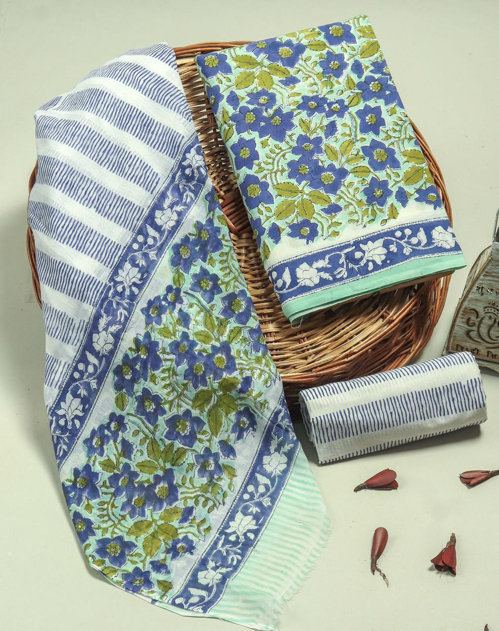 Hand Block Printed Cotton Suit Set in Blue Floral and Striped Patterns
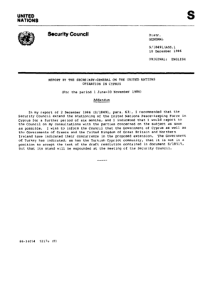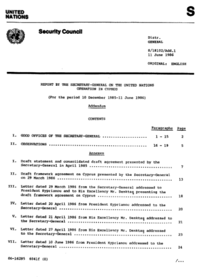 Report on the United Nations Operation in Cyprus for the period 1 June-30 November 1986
...
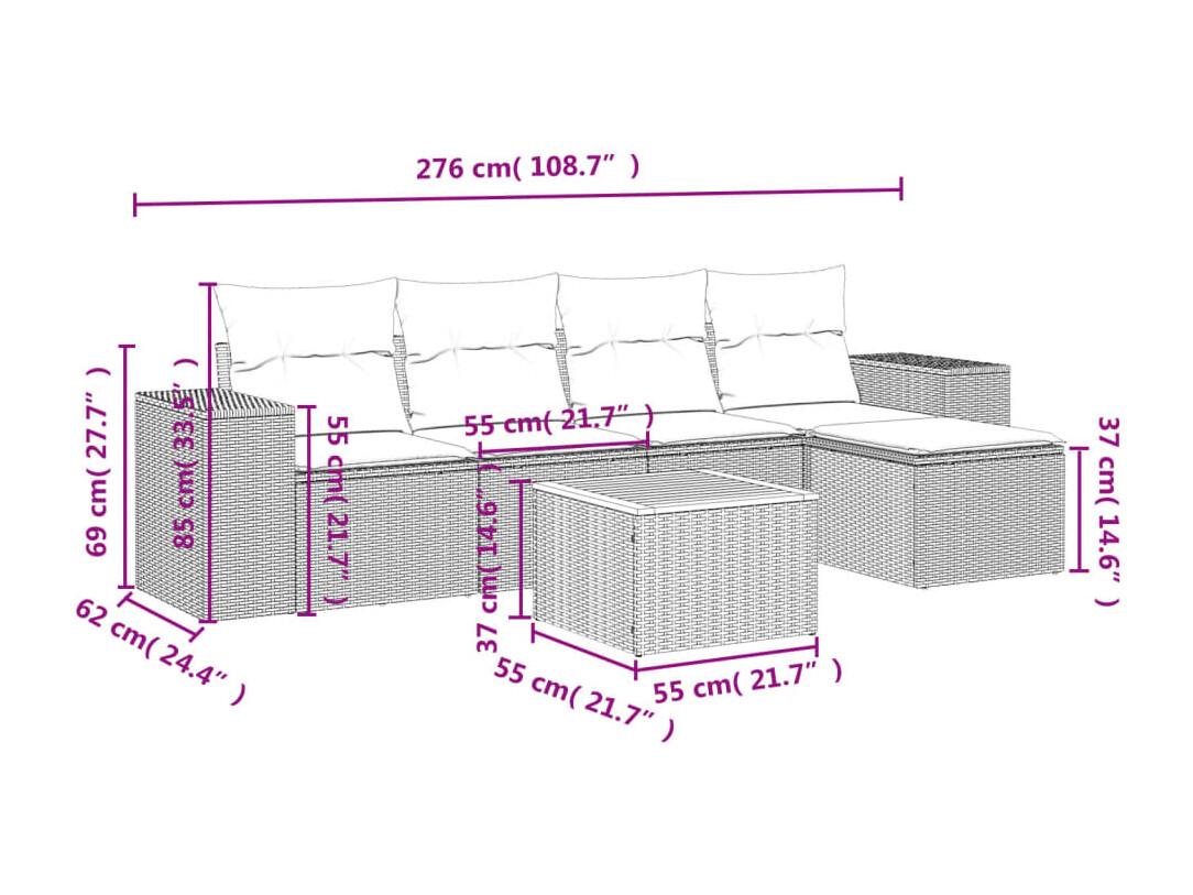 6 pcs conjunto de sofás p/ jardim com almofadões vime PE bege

Task item
Give again the stretch of lines above from the one with "Hand Block Printed" through the one with "Report on the", both ends kept, and copy no pictures.

Output for this exercise
 Hand Block Printed Cotton Suit Set in Blue Floral and Striped Patterns
 Report on the United Nations Operation in Cyprus for the period 1 June-30 November 1986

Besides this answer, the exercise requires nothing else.